Q&A with Anna E. Collins

Q: Love at First Spite is your debut novel. Tell us about your journey to get here.

A: I started writing full-length fiction twelve years ago when my kids were little as an escape from the eating/sleeping/changing diapers rut. Initially, it was just a fun experiment, but my perception of my writing as merely a hobby really transformed when I got into PitchWars in 2017. It was a sort of recognition that I had something worth cultivating, and it also introduced that most crucial aspect of a writer’s life – the writing community. I learned so much from that – about the writing and editing process, about querying, about persistence, and about the importance of not going at it alone. I didn’t sign with my agent (Kimberley Cameron of Kimberley Cameron & Associates) through PitchWars though, but from a cold query about six months later. 

At that point I was writing exclusively women’s fiction. We went on sub with the book that Kimberley signed me on in 2018 and then with another one in 2019, and for a long time nothing happened. We had lots of rejections – polite and complimentary ones, yes, but still rejections. I think this is something authors don’t often talk about, but it happens to most of us. You have to develop a thick skin and always write the next thing.

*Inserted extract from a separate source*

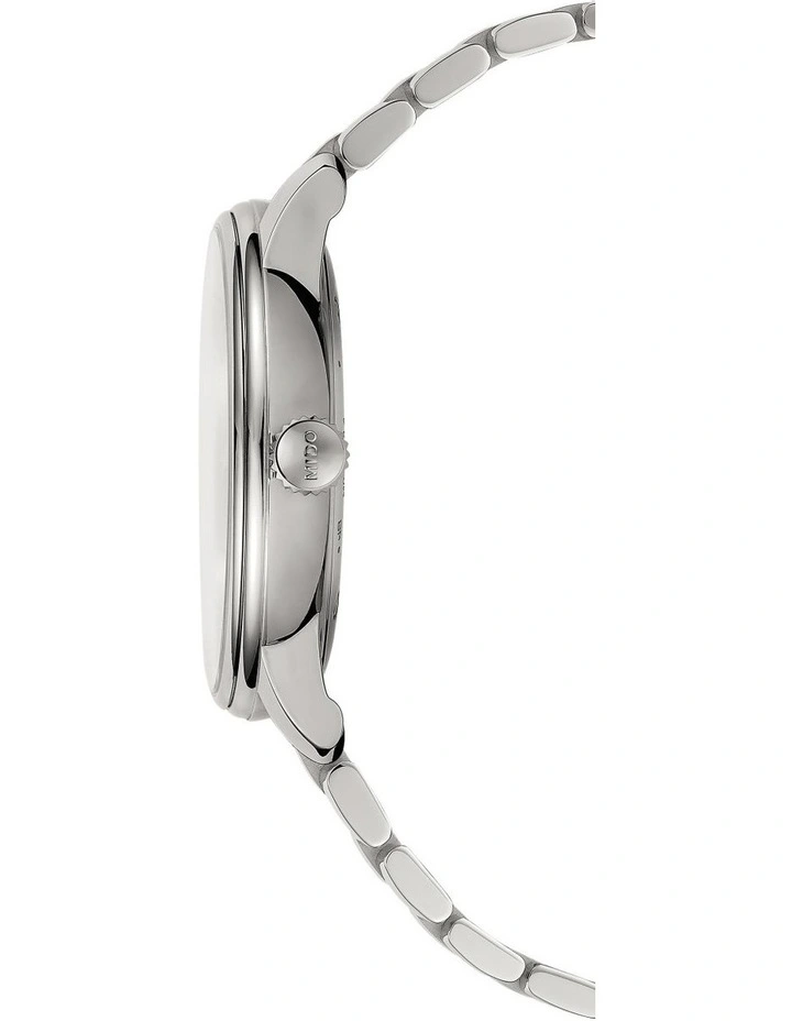 The new Baroncelli Heritage Smiling Moon Swiss watch reach for the moon, displaying it on your wrist with elegance and exceptional slimness. The phases are presented in a highly original manner, through a wide smile on the dial. The extreme purity of this classic grained dial is juxtaposed with the radiant polished steel of the case and bracelet. Above all, it features an utterly unique moon-phase aperture, where a rotating disc reveals the eight main phases of the Earth’s satellite in a star-studded sky. Behind the scenes, this magical sight conceals a highly accurate Mido automatic mechanical movement at work.

So, 2020 arrived, I had two books on long-term sub, I had written yet another WF manuscript, and was considering my next project. With Covid shutting everything down with no end in sight, I needed a change, so I decided to try my hand at writing something more light-hearted. Said and done – with the cheerleading of my writing group (also closest friends) spurring me on, Love at First Spite was born. Turns out some flirty banter and revenge shenanigans were exactly what my writerly quarantine year needed!

As luck would have it, I actually ended up signing my two WF books with a smaller press at the end of 2020, and shortly after that, Graydon House acquired Love at First Spite and set a publication date that would make it my debut. And here we are!

Q: What inspired this story?

A: I keep a running list of ideas for stories that I add to whenever I see or hear something that strikes me as interesting, or when I read about a topic that seems off-beat or unusual. Often, a title relating to the topic will come to me first, so I’ll jot down that and a brief line about it. In this case, I had read an article about spite houses around the world probably a year or so prior, found the lengths some people go to for revenge fascinating, and consequently made a note of it on my list. The exact words were “The Spite House – building a building to get revenge.” That was it – no genre, no characters, nothing. When I decided I wanted to write a romcom, this title stood out to me in my list as I could easily picture the pettiness required for such a build being ripe for comedic situations. It’s over-the-top right away as far as revenge goes, which seemed like a good place to start.

Q: What research did you do for this book?

A: I’m neither an interior designer nor an architect like my two main characters, so I obviously had to do some research into what day-to-day life might look like in those fields. I also researched zoning laws for the city where the story takes place, fence regulations, construction terms, house building processes, common neighbor disputes (there are some pretty colorful ones on the internet), video surveillance systems, and how to tuft figures out of wool. I’m sure I’m forgetting a few things, but that’s at least a general overview of my search history during that period of writing.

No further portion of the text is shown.